Так рассуждал Бахал, и ему самому эти рассуждения нравились. Изъяна он в них не видел, а потому решил как можно скорее привести свой план в исполнение.
Повод долго искать не пришлось. После того, как Даган выразил желание, чтобы члены экспедиции пореже покидали каюты, те как-то сильно вдруг полюбили совместные трапезы. Все остальное время они, выполняя волю князя, пребывали у себя, а вот на обед сходились в общую столовую, где, взамен разрушенного пистолетным выстрелом, был установлен новый стол. С одной стороны, это было вполне естественно, и во время еды они могли обсуждать любые темы, с другой – столовая напоминала им о недавнем бунте и наполняла сердца гордостью и сознанием того, что, объединившись, они могут многое. Не беда, что первый опыт прошел неудачно. В конце концов, они с самого начала хотели избежать насилия.

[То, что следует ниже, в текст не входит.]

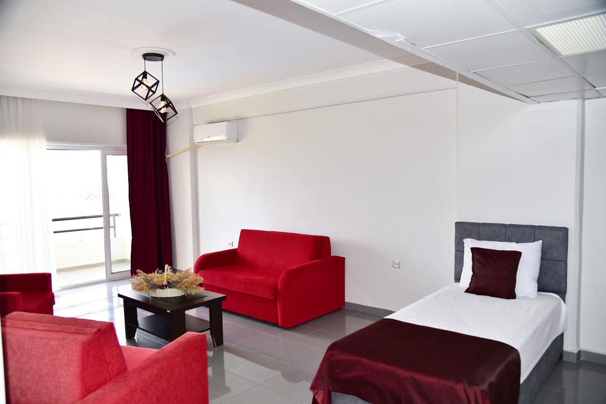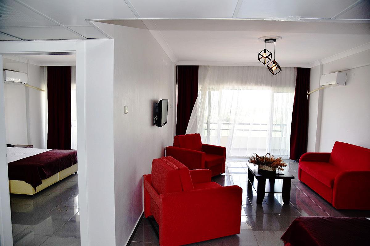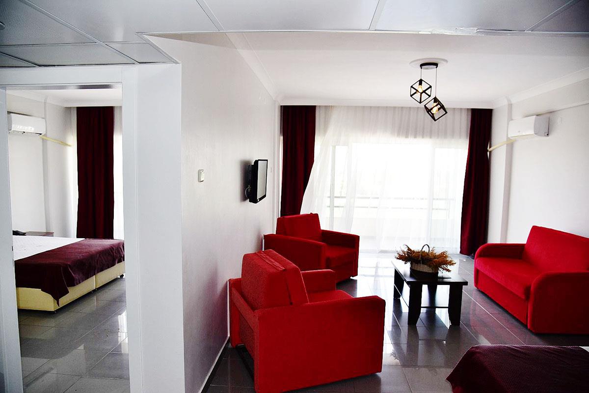 Our suite city view rooms are 57 m2 in size. In our 1+1 Suite rooms, there is a double bed in one room and a seating group and a single bed in the other room. There is a TV unit in both rooms. At the same time, our Suite rooms provide accommodation for up to five people with a seating group that converts into a bed. There is a desk-wireless-mini refrigerator-hair dryer-phone-split air conditioner-electric kettle. The tea and coffee set-up that greets our guests at the entrance is our offering to our guests.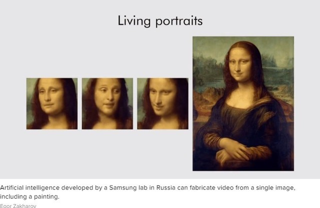 据外媒报道,俄罗斯三星实验室开发的人工智能技术Deepfake AI,让你可以用一张照片,就能制作出视频剪辑,甚至连“仿真”蒙娜丽莎画像也能“以假乱真”。
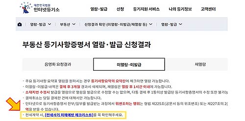 PC 이용자의 경우 두 방법으로 모두 체크리스트를 내려받을 수 있으며, 모바일 이용자는 등기사항증명서 열람‧발급 신청결과 페이지 내 링크를 통해 받을 수 있다.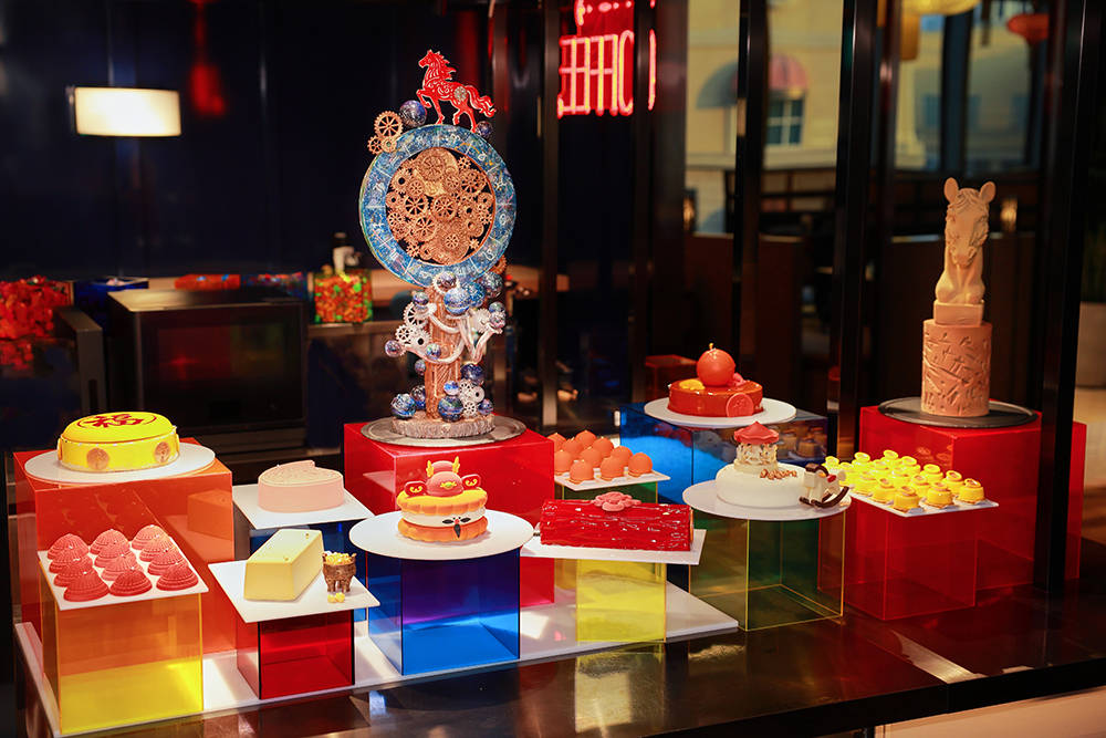 节庆菜单以寓意吉祥的新春捞起三文鱼为亮点,融合三文鱼、金黄薄脆和蔬菜丝,宾客可亲手“捞起”为新年掀起好运。此外,菜单还汇集多款经典贺年菜式,包括新加坡黑胡椒蟹、发财蚝豉大利及新春鸿运当头烤乳猪。为增添欧陆节庆风情,餐厅特别设有厨师现场切配的伊比利亚5J火腿,让宾客品味咸香臻味。最后,宾客可前往甜点专区尽情品尝一系列主题甜点,为这顿丰盛团圆聚餐画上完满句点。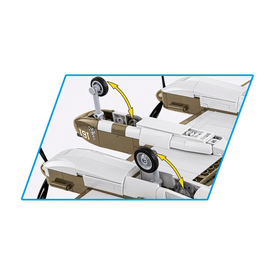 The Lockheed P-38H Lightning set returns to the offer from COBI in a scale of 1:32, in a new color and with more elements - a real treat for lovers of aviation history and block modeling! The P-38H model in a new version from COBI is more than just a model - it is an invitation to a journey through time that takes us to the 1930s, when Clarence "Kelly" Johnson designed this unique fighter. The P-38H was one of the key American aircraft during World War II, famous for its unusual design, including its double fuselage. Powered by twin Allison V-1710-111 engines with 1,425 hp each, it had an impressive power of 2,850 hp. As one of the fastest fighters of World War II (671 km/h), the P-38H was also distinguished by its great maneuverability, speed and versatility, which made it irreplaceable on many fronts - both in Europe and the Pacific. Equipped with 4 x 20mm cannons and 2 x .50 machine guns, as well as the ability to carry additional weapons, it was a powerful weapon in the hands of Allied pilots. The new set, enriched with additional elements and a new color, allows for an even better representation of the characteristic silhouette of this legendary machine. What makes the P-38H Lightning set stand out: 650 elements - This number of blocks allows you to reproduce the small details of the plane, and the construction itself gives great satisfaction, offering an advanced construction process that will satisfy every modeling enthusiast. Movable elements - The P-38H has moving parts, such as rotating propellers, folding landing gear, movable ailerons and an opening cockpit, in which you can place a well-designed pilot figure. High quality of workmanship - COBI blocks guarantee excellent quality, precise fit and durability, which makes the model not only aesthetic, but also very durable. Easy construction - Intuitive step-by-step instructions make assembling the model a pleasure. The set is suitable for both beginners and experienced builders. Pilot figure - A pilot figure with historical markings has been added to the set, which wonderfully complements the plane model. Educational fun - By assembling the Lockheed P-38H model, you can learn about the fascinating history of this aircraft, which played a key role in World War II. It is a great opportunity to learn about war technology and the history of aviation. Collector's item - The plane can be placed on a display stand with a commemorative plaque, which perfectly complements the model and makes it look great on every collector's shelf. Part of a larger ction - If you are a fan of aviation history, check out other sets from the HISTORICAL COLLECTION series from COBI and create your own collection of legendary military machines! With the new Lockheed P-38H model from COBI, you can not only discover the fascinating history of aviation, but also add this legendary machine to your collection! Start your adventure now and feel like a pilot in a fight in the skies! Product Features: - 650 high-quality elements - Manufactured in the EU by a company with over 35 years of tradition - The blocks meet the safety standards of products for children - Fully compatible with other brands of construction blocks - Blocks with prints do not scratch or smear and do not fade during play or under the influence of temperature - Clear and intuitive instructions based on illustrations and step-by-step directions - 1 figure Model dimensions: 35.5 x 49 x 8.5 cm Box dimensions: 40 x 6 x 30.5 cm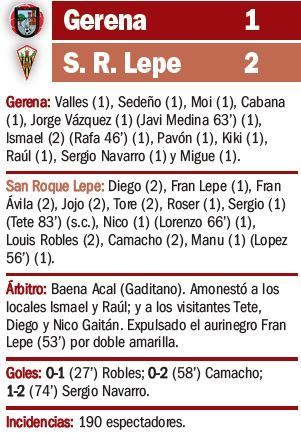 El Gerena, que no aprovechó sus opciones, encadenó su cuarta jornada sin ganar ante un San Roque de Lepe efectivo. Los leperos se marcharon con 0-1 al descanso y el gerenense Sergio Navarro, en el 53', falló un penalti, acción que supuso la expulsión de Lepe. Camacho hizo el 0-2 y Sergio Navarro puso emoción en el 74'.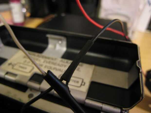 Cuando esto se haya enfriado comprobar los empalmes de la soldadura son aún buenos y enrolle el cable sobrante en el fondo de la bahía de la batería. Luego la línea hasta uno de los orificios en el soporte de la batería con los agujeros ya resinados en la bahía de la batería. Mi titular tenía un agujero en el centro y un agujero de tornillo ya en medio de la bahía que alineados con él muy bien.
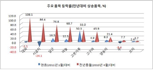 뿐만 아니라 고구마(45.9%), 당근(76.8%), 마늘(68.7%), 시금치(86.4%) 등도 큰 폭의 오름세를 보였다.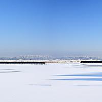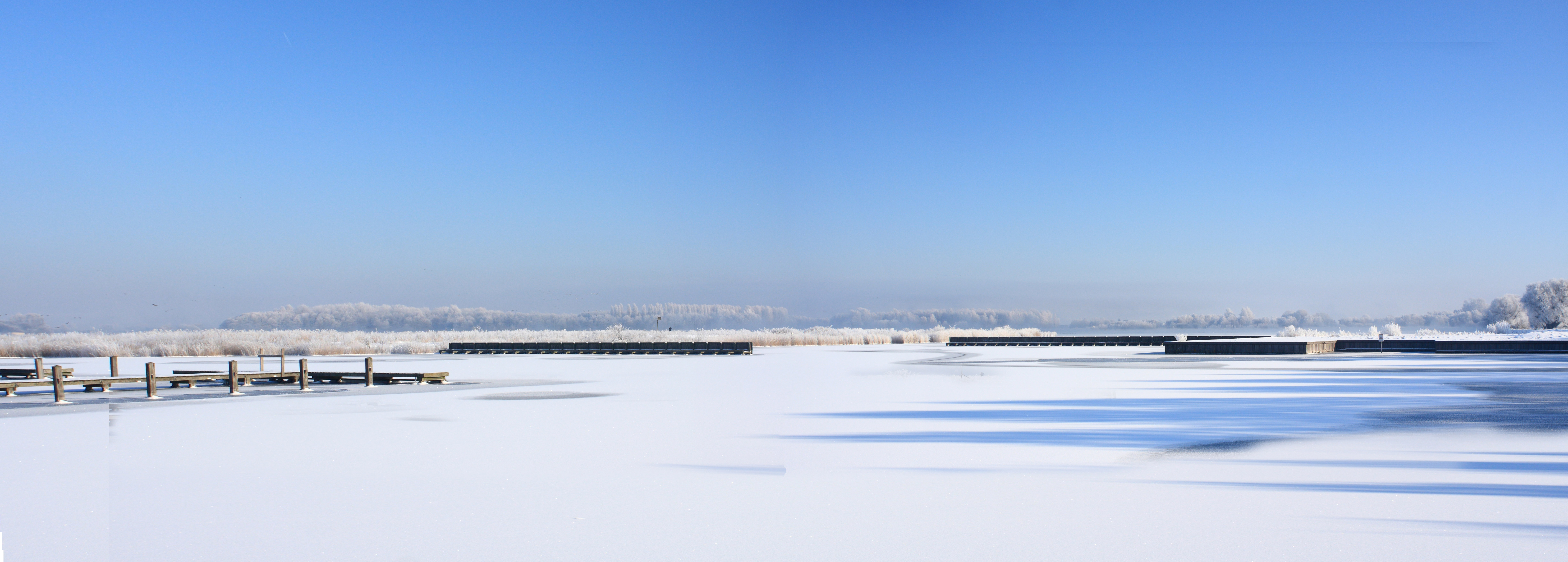 Het lijnenspel van de steigers in het water geeft een mooie diepte aan het witte bevroren meer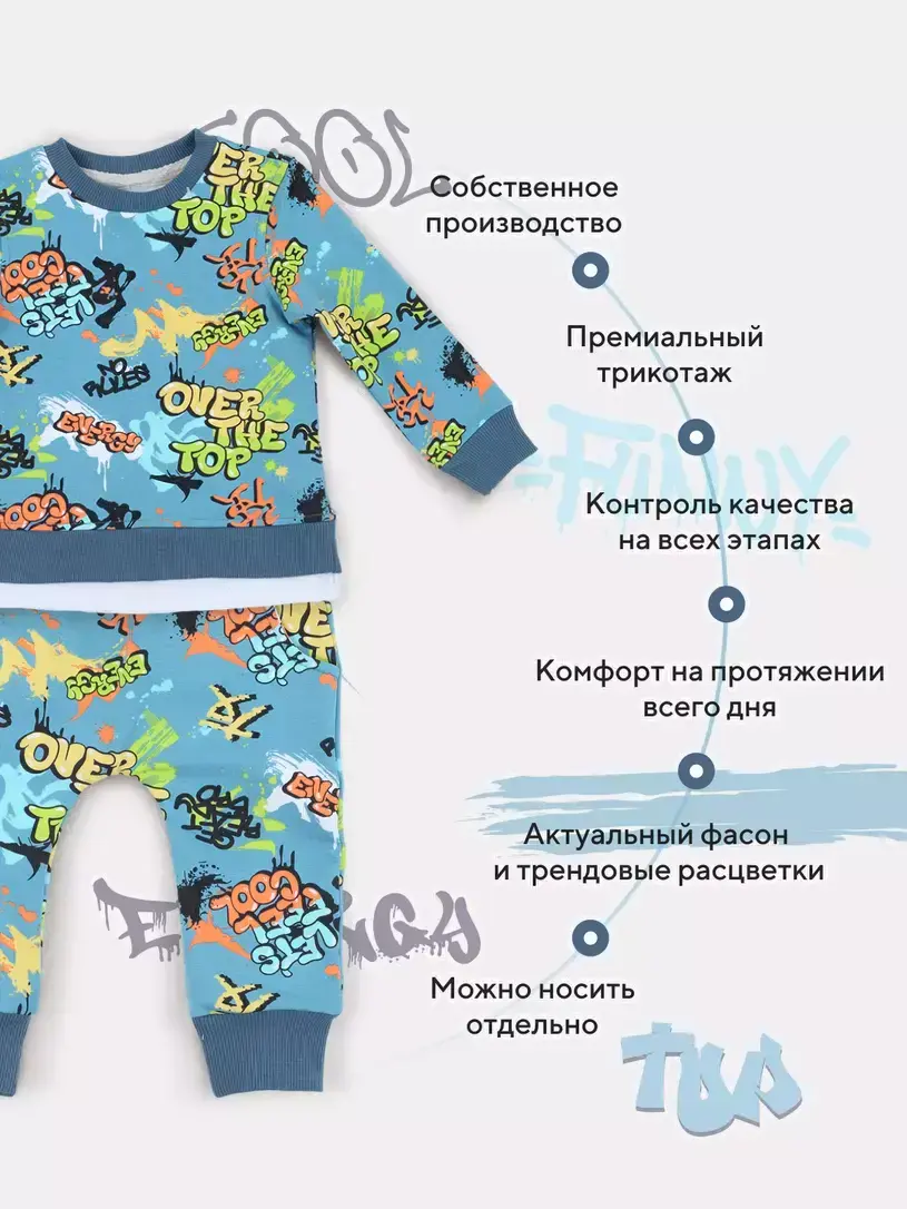 • Количество в комплекте 2 шт. (свитшот+штаны)

А если протест примет активный характер, то еще неизвестно, чья возьмет. И пусть охрана вооружена, а мятежники безоружны (на время экспедиции все личное оружие, во избежание эксцессов, сдавалось в общую судовую оружейную), но численный перевес был не на стороне подчиненных Бахала. Что до оружия, то в тесном пространстве жилого отсека оружием мог стать любой твердый тяжелый предмет.
Даган не запрещал эти совместные трапезы, потому что не видел в них опасности. Если кому-то нравится тешить себя воспоминаниями и иллюзиями, считал он, пусть тешит. Главное – чтобы их мечты не переросли в реальность. А в общем, это даже полезно – выпустив пар в разговорах, недовольные будут меньше склонны к действию.
Четыре дня продержалось согласие между князем и командой. На пятый день, стараниями Бахала, оно было нарушено.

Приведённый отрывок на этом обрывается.